> [WHAT THE TASK REQUIRES]:
Pictures stay out; everything else in the listing below is to be restated word for word.

> [DATA SEGMENT]:
★ ★ ★

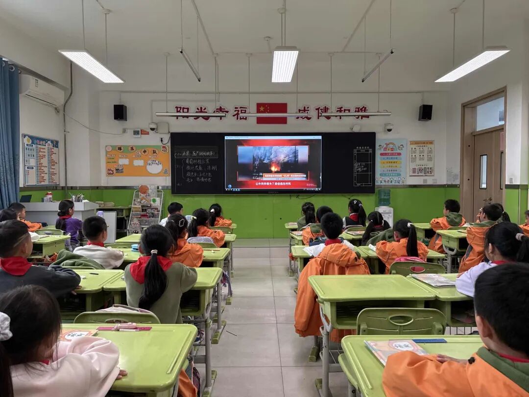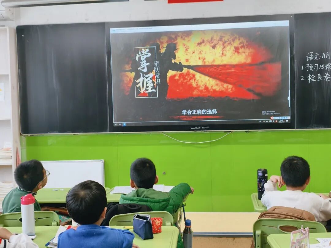活动开篇,各班级以班会课为阵地,开启 “消防安全知识小课堂”。电子屏上,火灾警示案例、动画版逃生技巧,学生们紧盯屏幕,手中笔不停:“打火机不能碰”“插座旁不堆纸”“烟雾里要弯腰走”,一个个关键要点被认真记录。
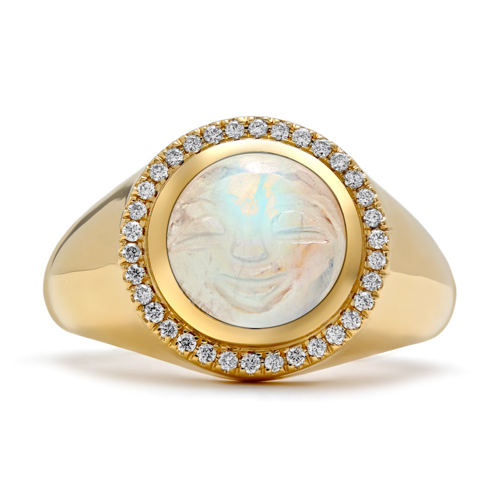 Happy Face collection 3.76ct moonstone and 0.17ct diamonds set in a signet ring crafted from 18K yellow gold, size 7.
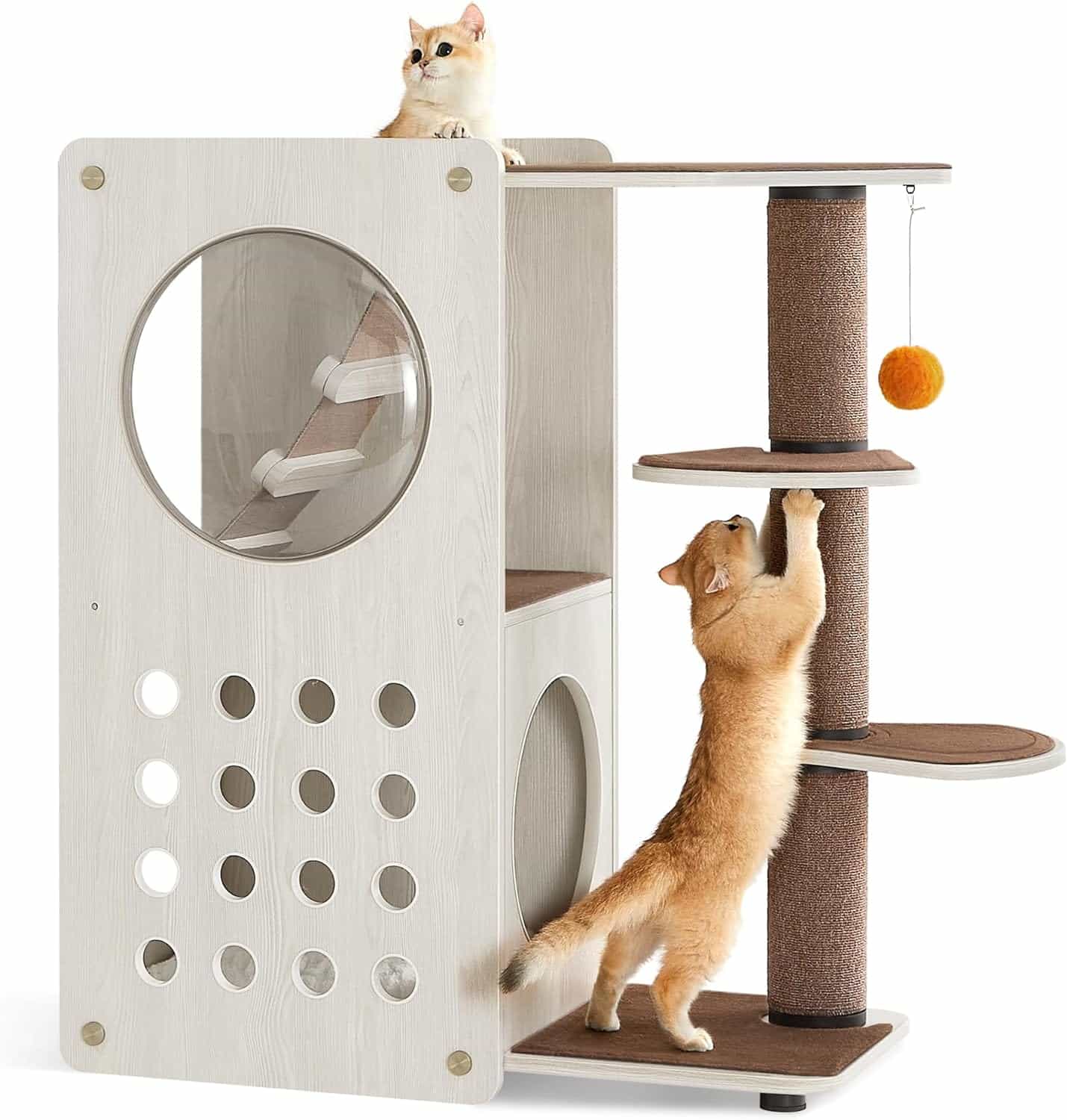 Krabpaal, Moderne Kattentoren, voor Binnenkatten, Kattenhuis, Dikke krabpaal, grot, zitstokken, zachte ladder, vervangbare onderdelen, havermoutbruin en koffiebruin

★ ★ ★

> [SOLUTION FOR THIS TASK]:
活动开篇,各班级以班会课为阵地,开启 “消防安全知识小课堂”。电子屏上,火灾警示案例、动画版逃生技巧,学生们紧盯屏幕,手中笔不停:“打火机不能碰”“插座旁不堆纸”“烟雾里要弯腰走”,一个个关键要点被认真记录。
 Happy Face collection 3.76ct moonstone and 0.17ct diamonds set in a signet ring crafted from 18K yellow gold, size 7.
 Krabpaal, Moderne Kattentoren, voor Binnenkatten, Kattenhuis, Dikke krabpaal, grot, zitstokken, zachte ladder, vervangbare onderdelen, havermoutbruin en koffiebruin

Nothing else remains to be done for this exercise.